▶ **Extracted information**
>>>>
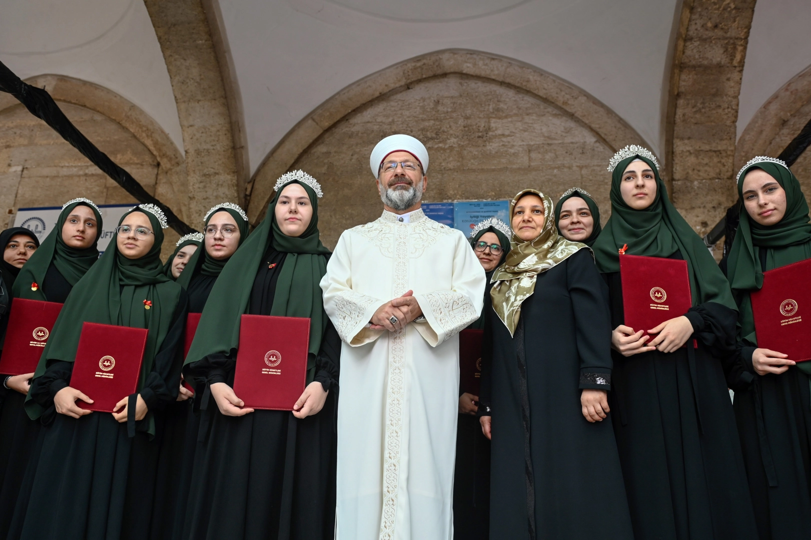 Erbaş, yeni nesle Kur'an ahlakının anlatılması gerektiğini ifade ederek, "Gençlerimize, çocuklarımıza, neslimize, Kur'an ahlakını anlatmak zorundayız. Önce biz yaşayacağız, rol model olacağız onlara. Örnek olacağız. Allah resulü efendimizin mevlidi nebisinin seneyi devriyesinde, onun en büyük mucize olarak getirdiği Kur'an-ı Kerim'i bilmeyenler varsa öğrensin, öğrenenler okusun, okuyanlar, gücü yetenleri hıfzetsin, hafız olsun. İşte buradaki yavrularımız gibi. Netice itibarıyla hedef Kur'ani bir hayattır, Kurani bir ahlaktır. Kur'an'a göre hayatımızı tanzim etmektir. Başka çıkar yol yok. Başka kurtuluş yok. Kuran'dan başka kurtuluş yok. Kuran'dan başka sığınacağımız bir kitap yok. Kurtuluş İslam'dadır. İslam'ı yeryüzüne Cenabıhak bütün peygamberler vasıtasıyla, insanlar, toplumlar huzurlu olsun, toplumlar birbirleriyle iyi geçinsinler, adil olsunlar, birbirlerine zulmetmesinler, kötülük etmesinler, bunun için Hazreti Adem'den itibaren Hazreti Muhammed efendimize kadar bütün peygamberlerin getirdiği dinin adıdır İslam. Yeryüzüne Cenabıhakk'ın bir nimetidir. O zaman geliniz, İslam nimetini daha iyi öğrenelim, İslam nimetini daha iyi anlayalım, İslam nimetini daha iyi yaşayalım. İşte hafızlarımız inşallah son nefeslerine kadar hafızlık nimetiyle İslam'ı en güzel bir şekilde anlatmaya, yaşamaya söz veren kardeşlerimizdir. Allah mübarek eylesin. Kendilerini tebrik ediyorum, hocalarını tebrik ediyorum, anne babalarını tebrik ediyorum" diye konuştu.
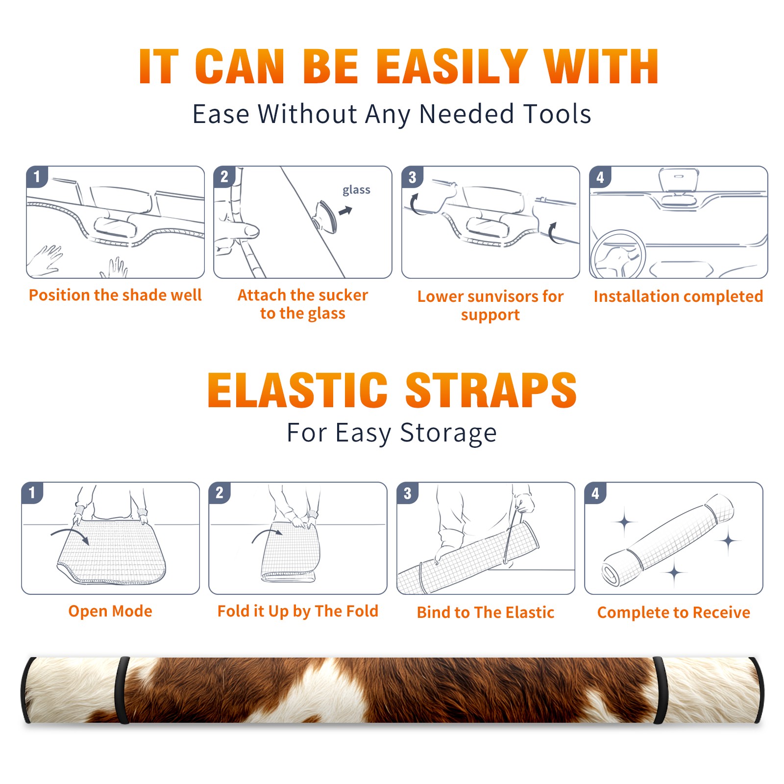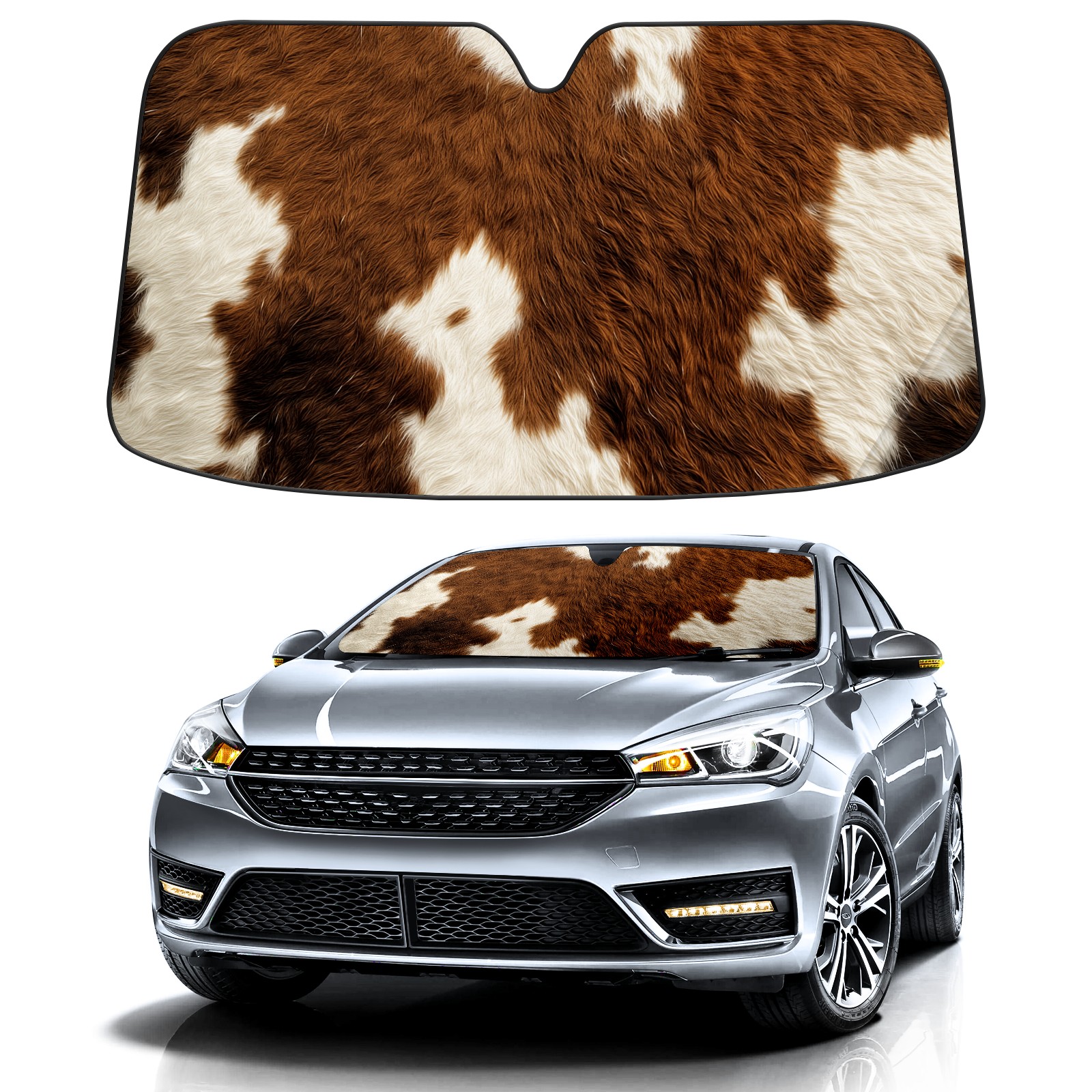SAVHOQIR Car Sun Shade Foldable Western Cowhide Print Windshield Sun Shade 55''x30'' Vehicle Front Window Shade Protector for SUV Truck Car Sun Visor Blocks UV Rays
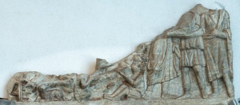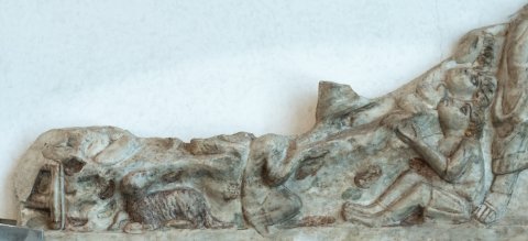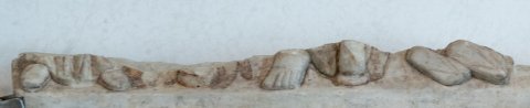 - 2 anpassende Fragmente der Vorderwand eines Sarkophages, oben u. seitlich abgebr.
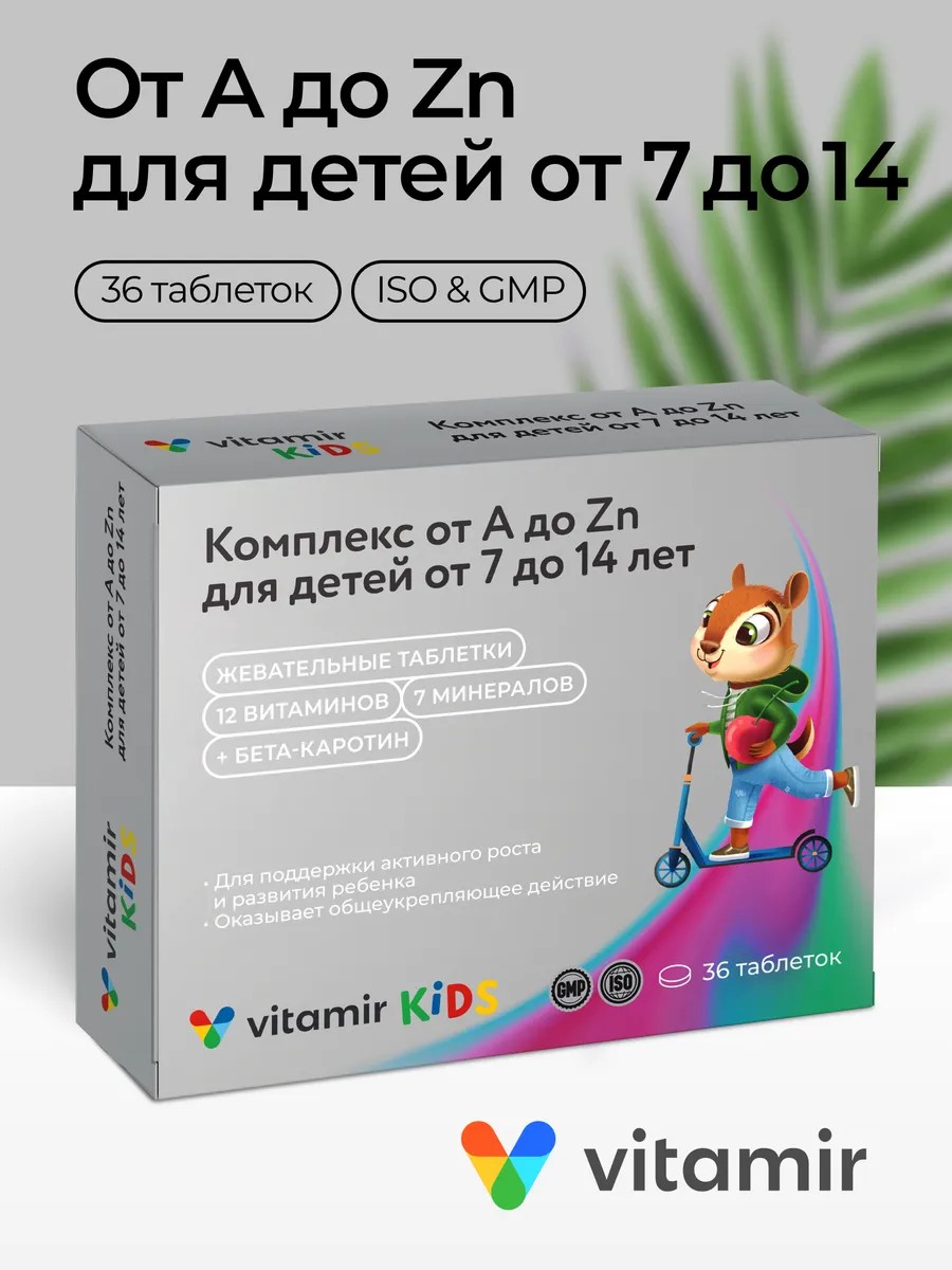 We present to you the chewable multivitamins "From A to Zinc" from Vitamir – the ideal solution for maintaining the health and strong immunity of children aged 7 to 14. These tasty and healthy tablets will be a real helper for parents concerned about the health of their children. Multivitamins "From A to Zinc" contain all the essential vitamins and minerals that are so important for a growing body. B vitamins, vitamins A, C, D3, E, K, as well as iron, zinc, calcium, magnesium, and other microelements – all in one tablet!
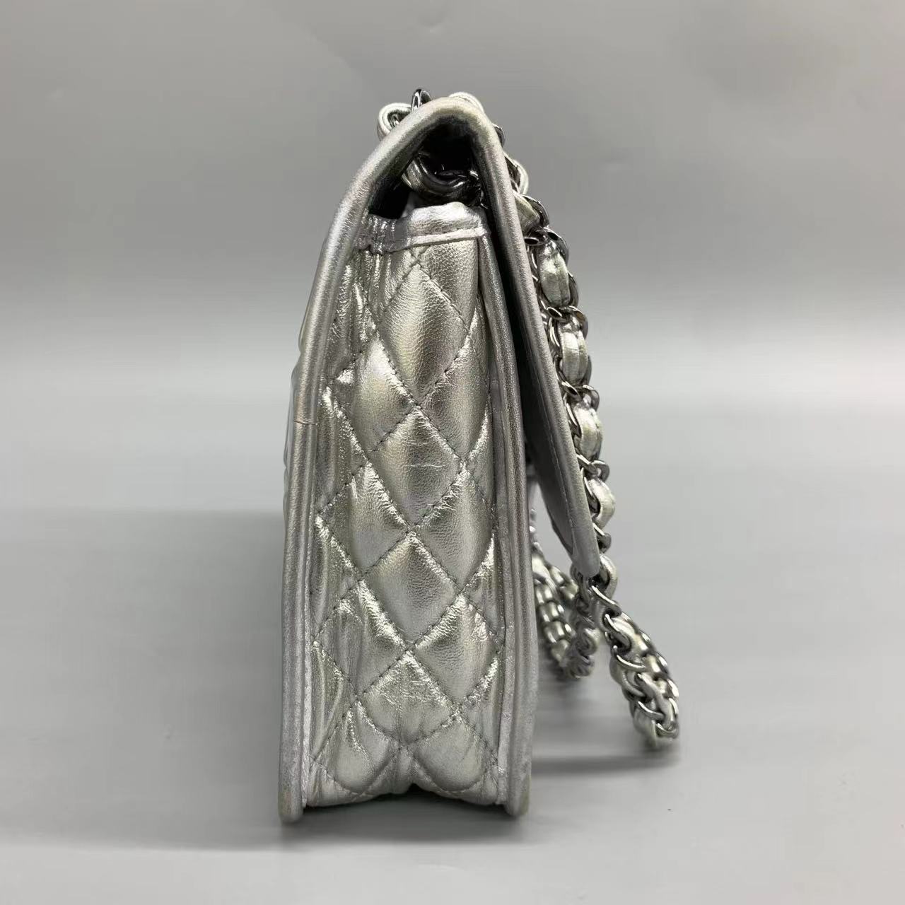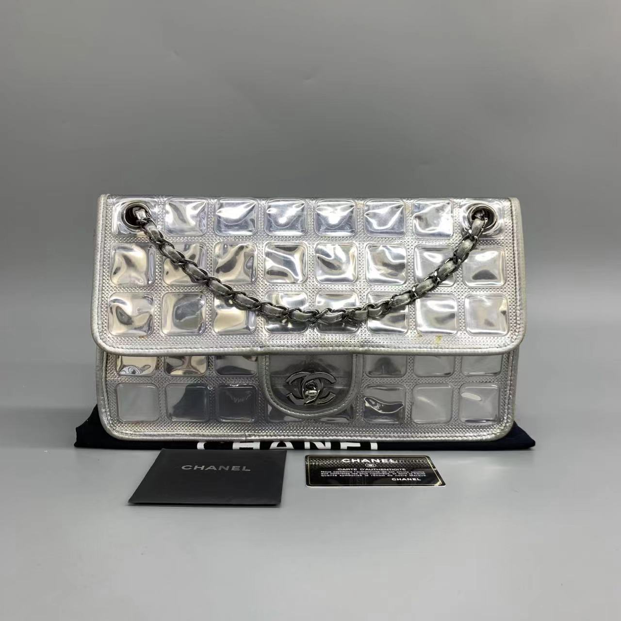 This charming collectible and highly sought after Chanel Ice Cube 2006-2008 is a stylish mix of classy and casual. Featuring a chain and leather strap, foldover top with twist-lock closure, and a square quilted finish, this bag is crafted from high-quality silver-tone PVC and leather and boasts a full lining, main internal compartment, internal zipped pocket, and internal logo patch. Silver-tone hardware adds a touch of sophistication to the textured style of this must-have accessory.
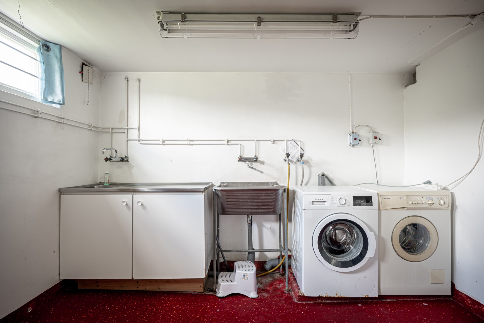 - Tvättstuga: Tvättstugan är belägen i källaren och är utrustad med tvättmaskin, torktumlare och tvättho. Här finns även gott om plats att hänga upp tvätt för torkning.
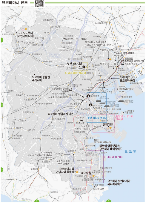 아래 지도는 요코하마 주요 관광지가 표시된 지도입니다.
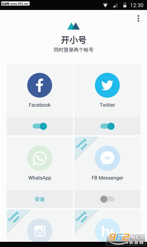 开小号app是来自猎豹的多开类移动应用,开小号app支持多帐号同时在线,可以让你在、QQ、等社交平台和游戏应用上同时登录两个帐号,彻底释放你的小号需求。
<<<<
▶ **Work to complete**
An exact copy is needed of the stretch above that opens with the line containing "- 2 anpassende" and closes with the line containing "We present to"; the pictures are not part of it.

▶ **Exercise answer**
 - 2 anpassende Fragmente der Vorderwand eines Sarkophages, oben u. seitlich abgebr.
 We present to you the chewable multivitamins "From A to Zinc" from Vitamir – the ideal solution for maintaining the health and strong immunity of children aged 7 to 14. These tasty and healthy tablets will be a real helper for parents concerned about the health of their children. Multivitamins "From A to Zinc" contain all the essential vitamins and minerals that are so important for a growing body. B vitamins, vitamins A, C, D3, E, K, as well as iron, zinc, calcium, magnesium, and other microelements – all in one tablet!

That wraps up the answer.